Ah, nem o maior amor do mundo poderia vencer a distância, o afastamento de todos os dias, seguidamente. Não! Eu mesma escrevi um dia que a força da vida é muito maior do que nossos vãos sentimentos de esperança! Ah, como queria que ele estivesse, por elas, ao redor, sempre...
Como poderia? Passar uma manhã, arranhar uma tarde para xícara rápida de café, se sentar na mesma cadeira que ainda está desocupada por algum minuto seria presença? Como se poderia nominar, então, as pequenas coisas diárias que tão sem importância, são, afinal, as mais importantes? O "boa noite" ou o "bom dia" de todos os dias?
Ah, nem sei dizer quantas vezes me perguntei o que faria se as coisas fossem diferentes! Ainda o amo? O amei um dia? Qual é o real sentimento que tenho por ele? São perguntas que martelam minha cabeça dura e que parece só meu coração conseguirá responder um dia.
Então, mesmo que a conversa na varanda tenha sido prova de muito amor, ninguém poderia saber o que o futuro traria, ou o tamanho daquela decisão. É, apesar disso, é quase engraçado que há poucos dias, tenha pensado algo do tipo: "e se ele chegasse de repente e pedisse para voltar?" Respondi a mim mesma, rindo, imaginando a cena ao dizer a ele, serenamente: “Por que demorou tanto?”...

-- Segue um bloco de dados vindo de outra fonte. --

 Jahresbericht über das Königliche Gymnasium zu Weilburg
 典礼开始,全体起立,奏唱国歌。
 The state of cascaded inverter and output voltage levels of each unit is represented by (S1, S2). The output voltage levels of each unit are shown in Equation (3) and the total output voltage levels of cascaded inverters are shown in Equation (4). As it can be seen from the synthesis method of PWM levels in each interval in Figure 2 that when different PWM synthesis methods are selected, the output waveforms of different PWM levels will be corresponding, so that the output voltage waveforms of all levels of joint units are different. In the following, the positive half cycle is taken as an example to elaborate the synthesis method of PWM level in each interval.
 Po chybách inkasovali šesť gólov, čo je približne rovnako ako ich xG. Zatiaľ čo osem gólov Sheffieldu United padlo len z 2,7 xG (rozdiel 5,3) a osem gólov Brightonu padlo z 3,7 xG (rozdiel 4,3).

Agora, depois que tentei me distrair com um filme, com a cerveja, em conversa com meu filho, vejo que essa é pergunta que jamais será feita; e que não haveria como ser diferente... penso com o coração enquanto olho minha imagem no espelho.
Carinhosamente apalpo os sulcos do rosto e do pescoço, passo a mão pelos cabelos enluarados, suspiro: "não sou mais uma menina...e aquela moça parecia tão mais jovem!" Esse era o sonho dele, alguém jovem e bonita... "será que ela é bonita?". Procuro a escova de dentes, empurro os pensamentos até a cama, um conforto branco em noite de véspera de verão... tanta coisa boa para acontecer. Seguir em frente, um dia depois do outro. Uma lágrima, mas que seja discreta porque ninguém mais espera que eu chore... nem eu. Passou esse tempo e "você não achou que a vida fosse sempre agradar, achou?"

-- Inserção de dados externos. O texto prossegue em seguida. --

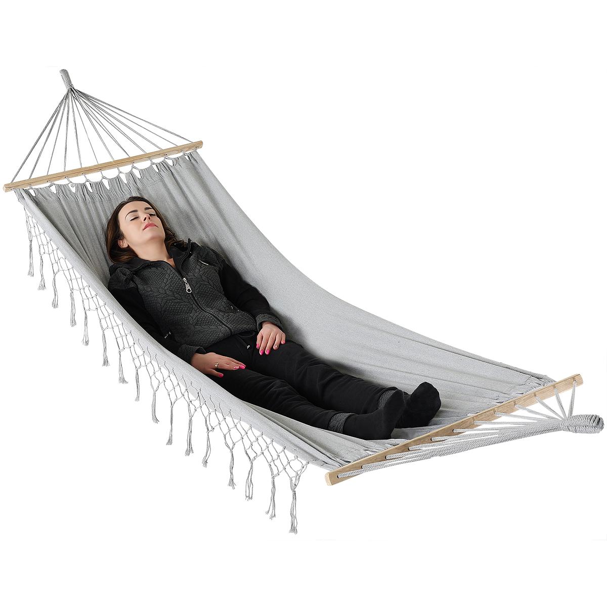 ГАМАК САДОВЫЙ НА 1 ЧЕЛОВЕКА 200Х100 СМ С ПРУТОМ И КИСТОЧКАМИ MIAMI GREY
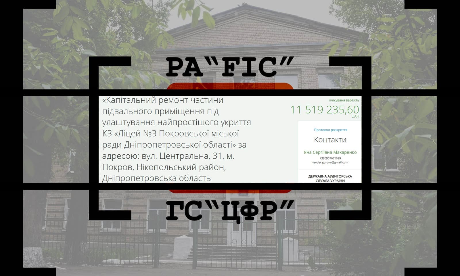 1 червня Управління освіти виконавчого комітету Покровської міської ради провело закупівлю на капітальний ремонт частини підвального приміщення під улаштування найпростішого укриття КЗ “Ліцей №3 Покровської міської ради Дніпропетровської області”. Очікувана вартість закупівлі склала 11 519 235,6 гривні (місцевий бюджет).
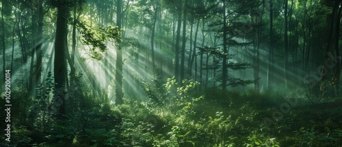 © Man, Obraz premium Serene Forest with Sunlight Rays Through Trees
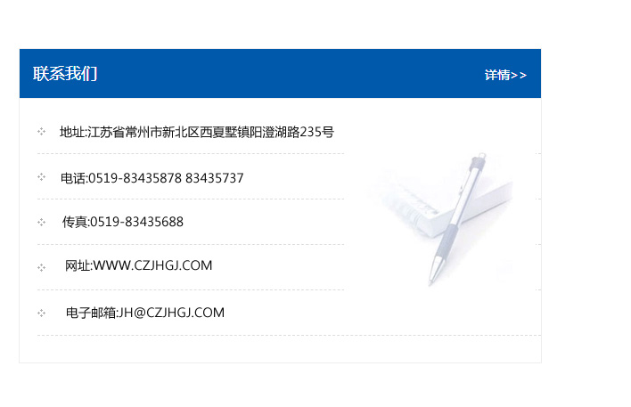 地址:常州市新北區(qū)友邦商務(wù)大廈1幢16、17層  電話:0519-85101652  傳真:0519-85112595  郵編:213022  網(wǎng)址:www.cz-jiayue_cn.047st.com  郵箱:xiajifengaa@163.com

Vestindo o leve pijama verde ainda insito: "é que a vida não é como imaginamos; a vida é como ela quer ser..." "Paciência", respondo aos meus botões e teimosamente resisto: continuarei a viver mesmo assim, mesmo que não seja fácil, mesmo que doa, mesmo que tenha que me arrastar em alguns momentos porque sei, disso tenho certeza, tudo se acabará um dia, então, mesmo que não seja a minha verdade, algo real deve existir. Também para mim deve haver, em algum lugar, uma mão para segurar num por de sol.

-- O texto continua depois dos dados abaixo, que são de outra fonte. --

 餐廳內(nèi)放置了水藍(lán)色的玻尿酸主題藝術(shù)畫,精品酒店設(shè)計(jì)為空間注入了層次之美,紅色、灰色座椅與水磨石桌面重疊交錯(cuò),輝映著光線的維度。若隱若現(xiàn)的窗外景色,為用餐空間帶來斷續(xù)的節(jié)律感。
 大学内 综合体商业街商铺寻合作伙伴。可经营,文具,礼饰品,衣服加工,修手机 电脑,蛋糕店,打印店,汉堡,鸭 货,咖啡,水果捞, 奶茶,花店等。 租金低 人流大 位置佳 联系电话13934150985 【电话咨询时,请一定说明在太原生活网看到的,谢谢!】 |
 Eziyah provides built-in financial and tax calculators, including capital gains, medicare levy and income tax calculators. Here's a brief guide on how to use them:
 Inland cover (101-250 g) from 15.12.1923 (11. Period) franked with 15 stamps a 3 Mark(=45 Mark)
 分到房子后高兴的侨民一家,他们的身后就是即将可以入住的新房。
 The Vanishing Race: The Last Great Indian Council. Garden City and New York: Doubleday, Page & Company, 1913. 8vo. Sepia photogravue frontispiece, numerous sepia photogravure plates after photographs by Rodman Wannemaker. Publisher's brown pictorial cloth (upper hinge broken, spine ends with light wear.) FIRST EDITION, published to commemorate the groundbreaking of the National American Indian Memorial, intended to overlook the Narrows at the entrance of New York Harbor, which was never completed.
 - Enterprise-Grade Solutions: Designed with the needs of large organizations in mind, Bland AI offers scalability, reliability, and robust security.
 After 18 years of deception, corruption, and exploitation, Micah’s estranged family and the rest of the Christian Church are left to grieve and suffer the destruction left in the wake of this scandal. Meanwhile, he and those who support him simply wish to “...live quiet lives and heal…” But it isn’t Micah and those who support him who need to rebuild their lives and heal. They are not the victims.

Além do mais, ainda existo, ainda respiro, mesmo que não seja perfeita, mesmo que tropegamente, seguirei a minha estrada do jeito melhor que puder fazer. E, mesmo que eu não espere, amanhã será domingo. "E, olha, moça, já faz muito tempo, tempo demais, aliás, que esse homem é totalmente indiferente a você! Cuide-se, boneca, porque ele vive a própria vida e nem se lembra que você existe! Vê se enxerga isso de uma vez por todas!"... repito, e repito, enquanto desligo a luz mortiça do pequeno abajur de cabeceira.

Por
Magda R M de Castro
Brasília, DF, 07 de novembro de 2010.